Approximate file sizes for common scenarios.

OGV

  • Short educational clip (1 min, 480p) 8-15 MB
  • Wikipedia demo video 5-50 MB

FLV

  • 10-min YouTube 2008-era video 40-80 MB
  • 45-min TV show (FLV H.264) 200-500 MB

Quality & Compatibility

Resolution, frame rate and colour space are preserved end-to-end. If the FLV container does not support some OGV features (chapters, multiple subtitle tracks, DRM-protected streams), those are flattened or dropped with a warning. Hard-coded subtitles in the video frames always survive.

Tips for Best Results

Frequently Asked Questions

Only when it has to. If the codecs inside OGV (usually H.264 or H.265 for video, AAC for audio) are accepted by FLV, we stream-copy — the bytes are repackaged into the new container with zero re-encoding and no quality loss. When the source uses a codec the target does not support, we transcode at a matching bitrate to keep the visual quality close to the original.

With stream copy, expect the job to finish in seconds to tens of seconds regardless of video length — the work is mostly rewriting the container. Transcoding is slower (roughly real-time: a ten-minute clip takes about ten minutes) because every frame must be decoded and re-encoded. The progress bar shows which mode applies.

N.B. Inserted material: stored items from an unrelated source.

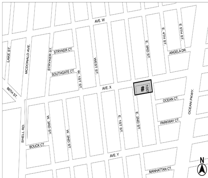
█ Mandatory Inclusionary Housing Program Area see Section 23-154(d)(3) Area # [date of adoption] MIH Program Option 1 and Option 2

Portion of Community District 15, Brooklyn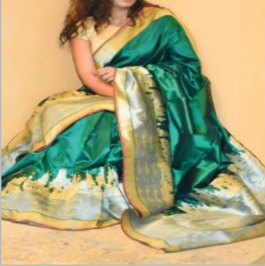
G1-651 Banarasi Saree

Sangharsh Textile Weaver Producer Company Limited is known as top Manufacturer, Exporter and Supplier of best Banarasi Lehenga, Banarasi Sarees, Dress Materials, Dupatta and Fabric.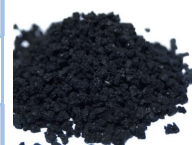
EMASorb B granular B1164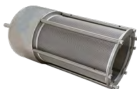
Washing Drum 2.5 kg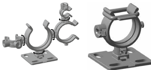
Multiple clips can be joined. Clips swivel freely.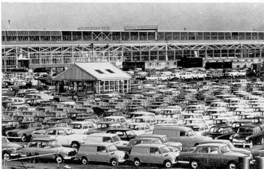
Real Austins this time—pictured outside the Austin Factory in Birmingham.

The next process for the castings is the giant phosphating plant where they are dipped in a chemical solution to ensure maximum adhesion when the enamel is applied. During all the processes mentioned and, indeed, until the end of their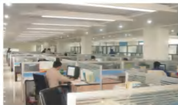
技术设计中心 Design Center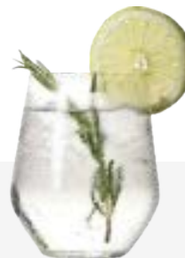
30mL Gin & 250mL Tonic 159 kcal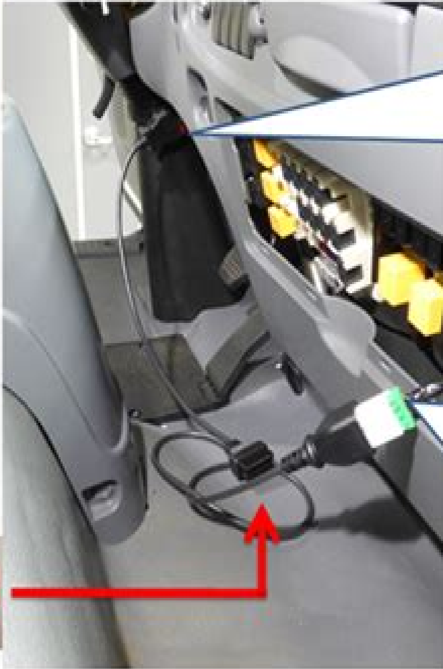
DLC (16 Pin)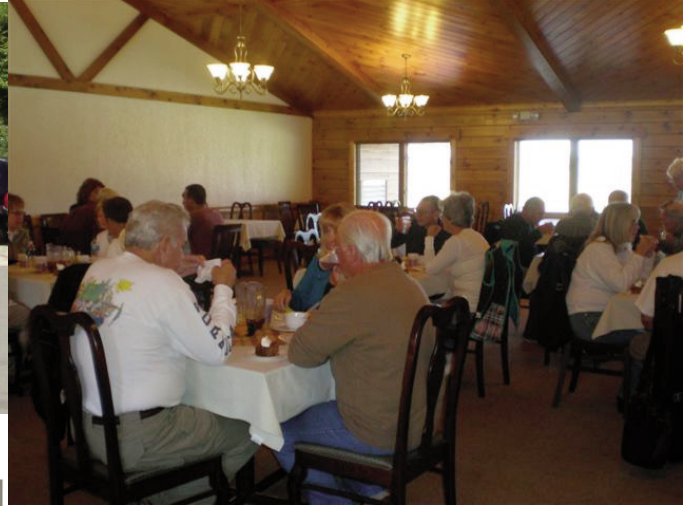
Enjoying a meal together at the Hausbarn.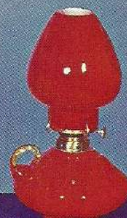
1690 PA—Courting Lamp (oil)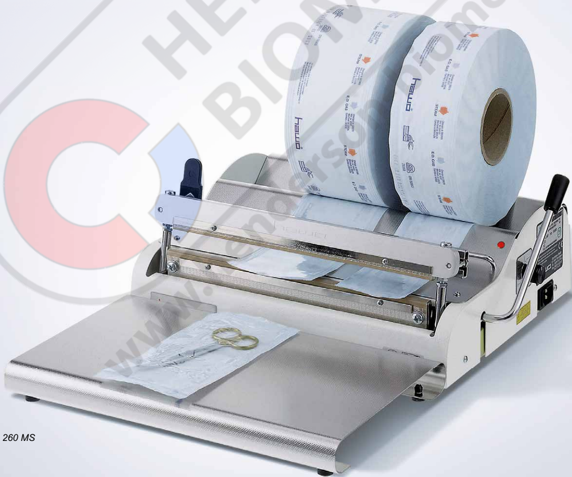
hd 260 MS

The impulse sealers hd 260 MS, hd 270 MS and hd 470 MS are our most economical bar sealers for the packaging of sealable pouches and reels as well as thermo-plastic film. Thanks to the adjustable sealing timer the devices can be easily adapted to the material. They are ideally suited for use in smaller institutions and tattoo studios.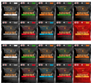
DOUBLE FLAVOR INFUSED PEANUTS SAMPLE PACK ALL FLAVORS!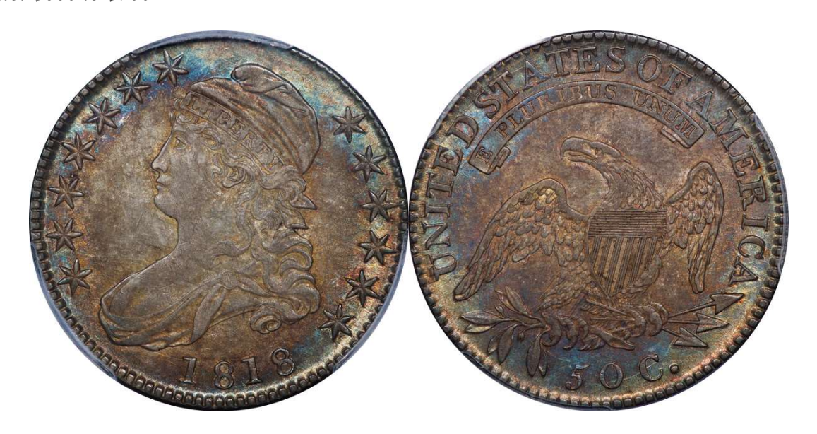
LOT 41 – 1818 O.109a R.2 PCGS MS 61 [CAC]

Exquisitely and originally toned in iridescent shades of turquoise, aqua and russet. This lovely coin lost its CAC sticker when Turner reholdered it to obtain the Overton attribution on the label. The PCGS cert no. is unchanged, allowing easy confirmation of prior CAC approval. I entered a strong bid for the coin when it appeared in Stack's/Bowers April 2022 Central States sale of the Abigail Collection , lot 2096. Not strong enough. It took $5,280 to bring it home. Early date bust halves of this caliber are few and far between. The eye appeal rating of this regal 1818 is a solid A .

Yes. Resolution, frame rate, colour space and bit depth are preserved by default; stream copy is literally bit-identical on these parameters. If you explicitly pick a lower bitrate or a different codec in Advanced, the output is rebuilt to those settings, but the default is always "match the source".

Related comparisons

See these formats side by side to understand which fits your use case best.